According to one embodiment, the Cpf1 mutant protein may be one in which amino acids 1096 to 1097 of LbCpf1 (SEQ ID NO: 1) are mutated (mutation of amino acids K1096 to E1097 in LbCpf1). Specifically, the Cpf1 mutant protein may be one in which amino acids 1096 and 1097 of LbCpf1 (SEQ ID NO: 1) are each independently substituted with hydrophobic amino acids selected from the group consisting of alanine, isoleucine, phenylalanine, valine, and leucine. Specifically, the Cpf1 mutant protein is LbCpf1 (SEQ ID NO: 1) in which both the 1079th and 1080th amino acids are substituted with alanine, both the 1079th and 1080th amino acids are substituted with isoleucine, both the 1079th and 1080th amino acids are substituted with phenylalanine, or Both the 1079th and 1080th amino acids may be substituted with valine, or both the 1079th and 1080th amino acids may be substituted with leucine.

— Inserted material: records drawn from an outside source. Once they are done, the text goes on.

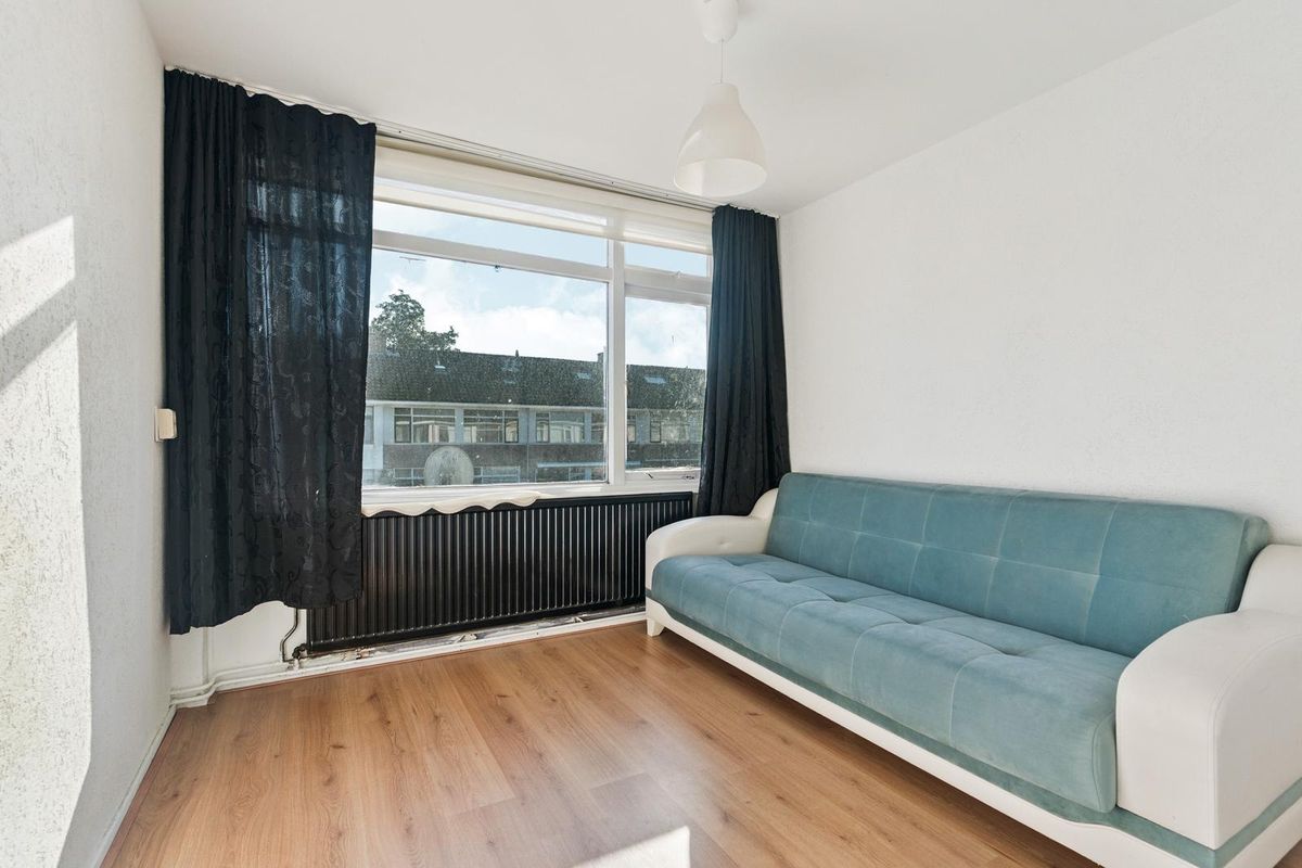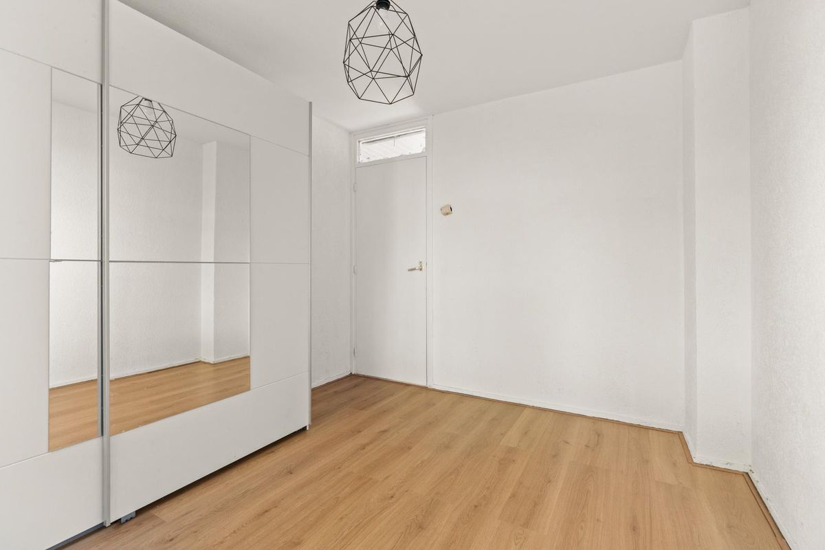 -Slaapkamer I: Gelegen aan de voorzijde van de woning en voorzien van een grote raampartij, waardoor er veel daglicht binnenkomt. De kamer is afgewerkt met een nette laminaatvloer en lichtgekleurde wanden, wat zorgt voor een frisse en rustige uitstraling.
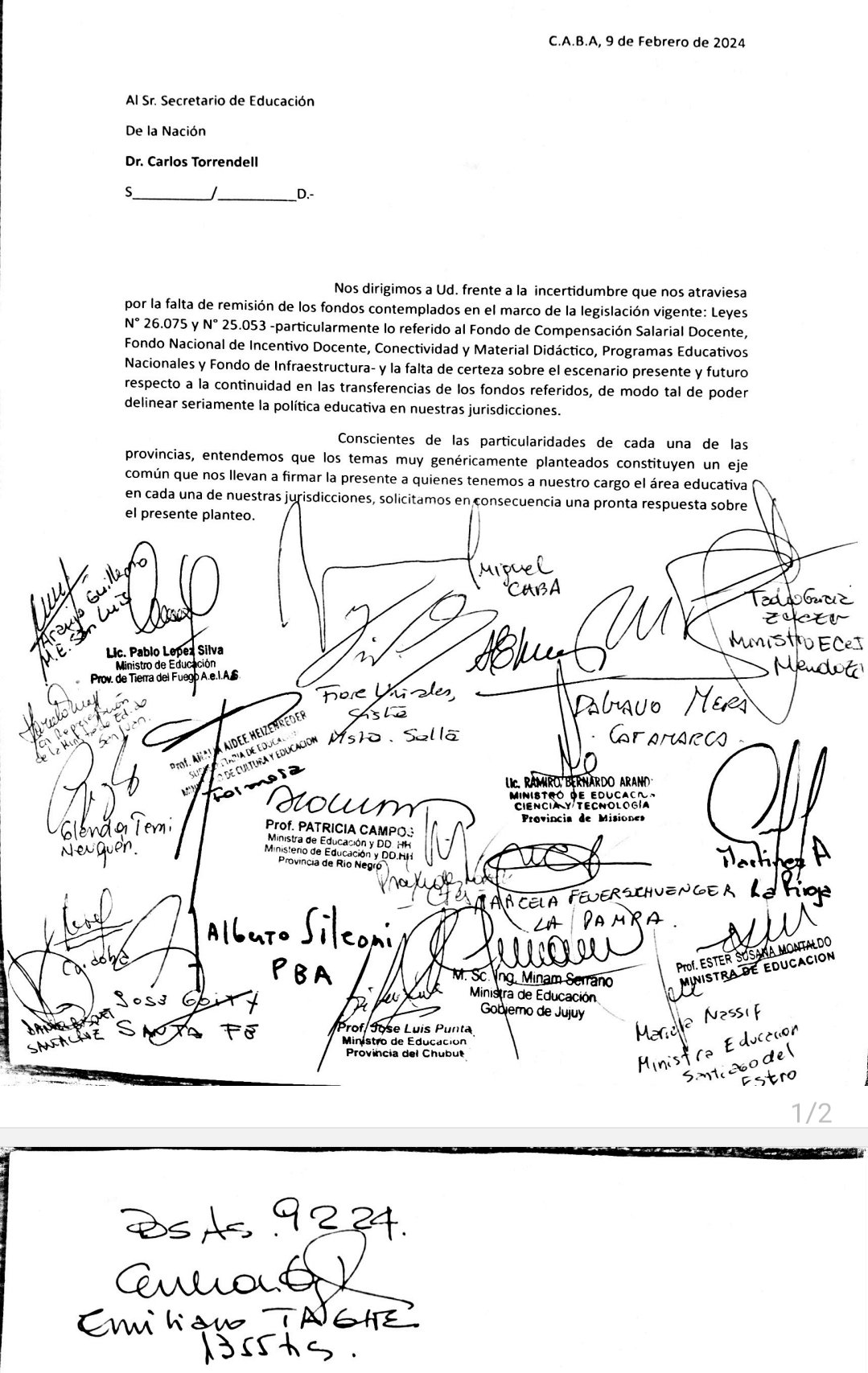 El viernes pasado, los ministros y ministras de Educación de todas las provincias de Argentina se reunieron para abordar la situación preocupante derivada de la suspensión de las transferencias de fondos del Gobierno Nacional destinados a cubrir las necesidades del área educativa. En esta reunión, elevaron una nota al secretario de la cartera a nivel nacional, Carlos Torrondell, expresando su inquietud e incertidumbre.
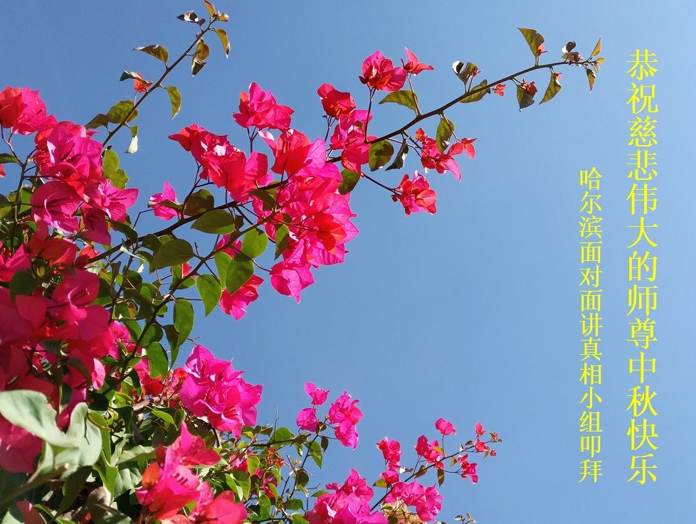 黑龙江省哈尔滨面对面讲真相小组大法弟子叩拜师父!恭祝师尊中秋快乐!
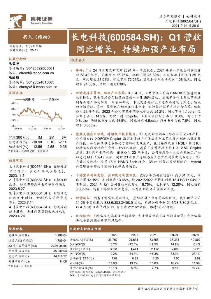 德邦证券:长电科技(600584)-Q1营收同比增长,持续加强产业布局.pdf
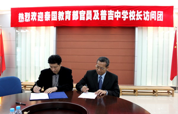泰国教育部基础教育委员会官员 Uthaiwan Chalermchai 女士及普吉中学副校长 Pornsak Jindapol 一行 6 人昨日访问我校华文学院。华文学院党总支书记赵明光、副院长陈旋波在 1 号楼会议室会见了访问团一行,双方进一步交流和探讨了合作设立普吉中学孔子课堂的相关事宜,并签署合作备忘录,由此标志华文学院与泰国普吉中学孔子课堂合作项目正式启动。
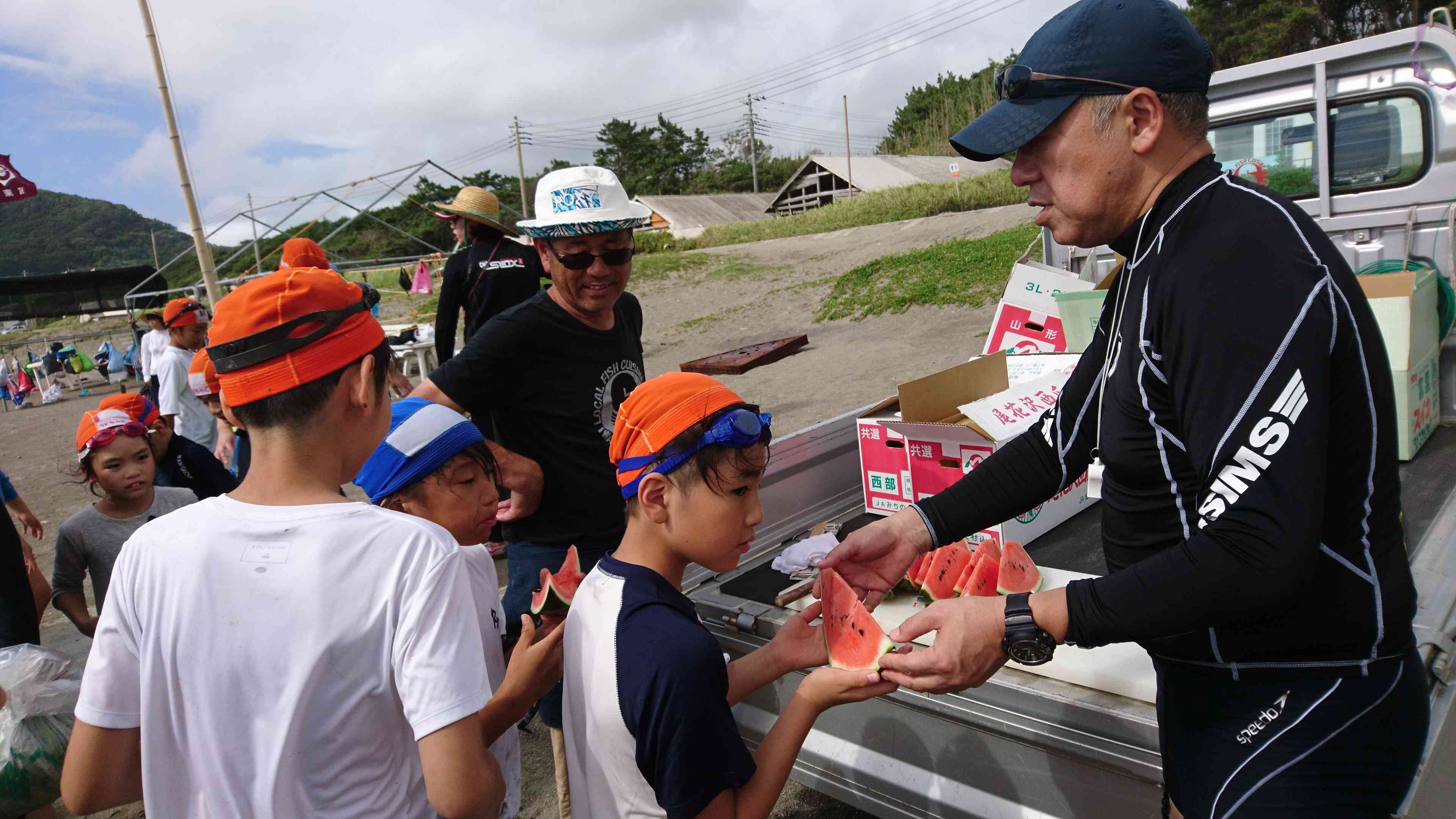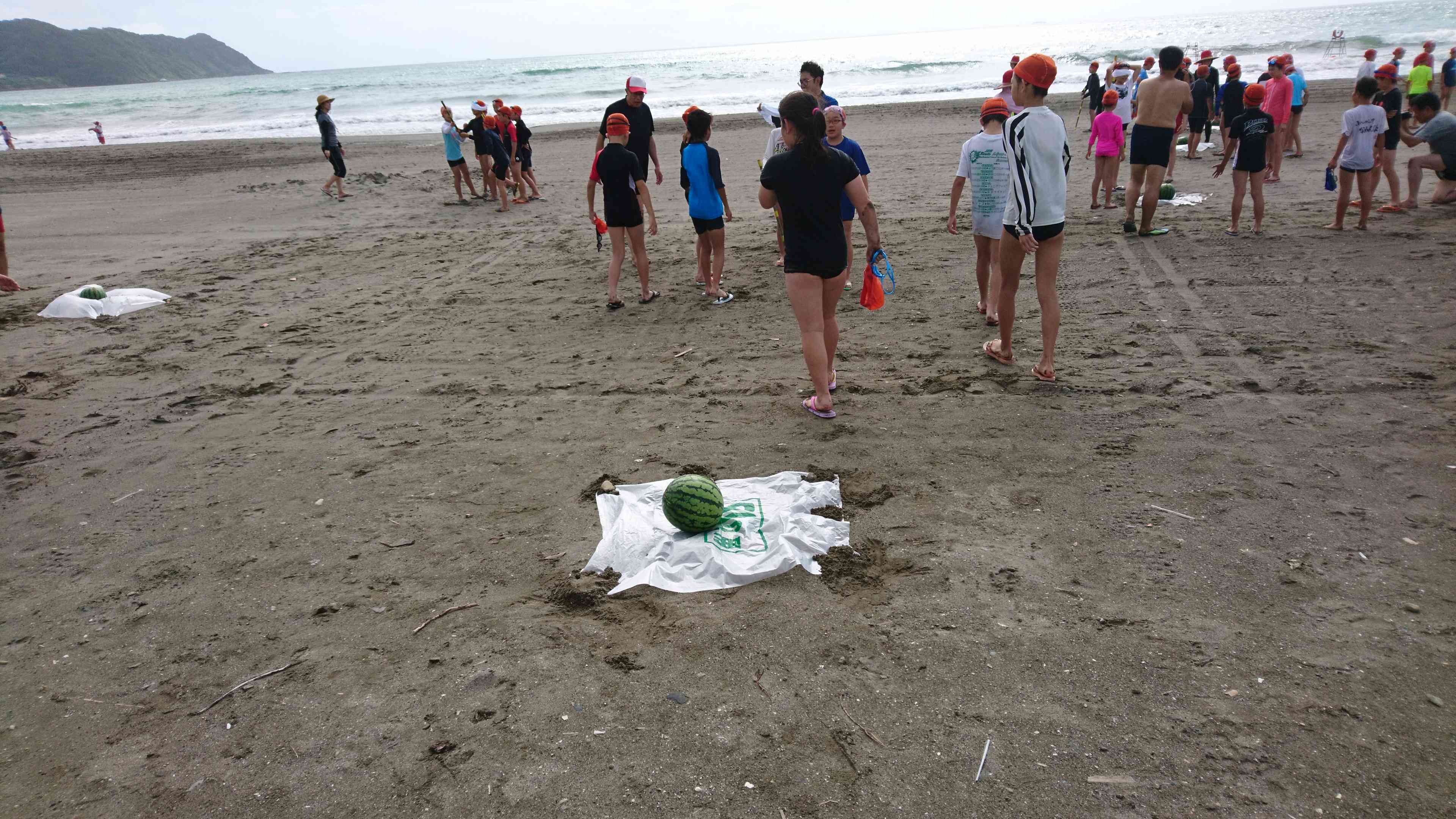 スイカわりをやりました。なかなかわるのが難しく何回も挑戦していました。スイカわりをしたあとは冷たいスイカをおいしく食べました。

According to one embodiment, the Cpf1 mutant protein may be one in which amino acids 1032 to 1033 of LbCpf1 (SEQ ID NO: 1) are mutated (mutation of amino acids D1032 to R1033 in LbCpf1). Specifically, the Cpf1 mutant protein may be one in which amino acids 1032 to 1033 of LbCpf1 (SEQ ID NO: 1) are each independently substituted with a hydrophobic amino acid selected from the group consisting of alanine, isoleucine, phenylalanine, valine, and leucine. Specifically, the Cpf1 mutant protein may be one in which amino acids 1032 to 1033 in LbCpf1 (SEQ ID NO: 1) are substituted with alanine.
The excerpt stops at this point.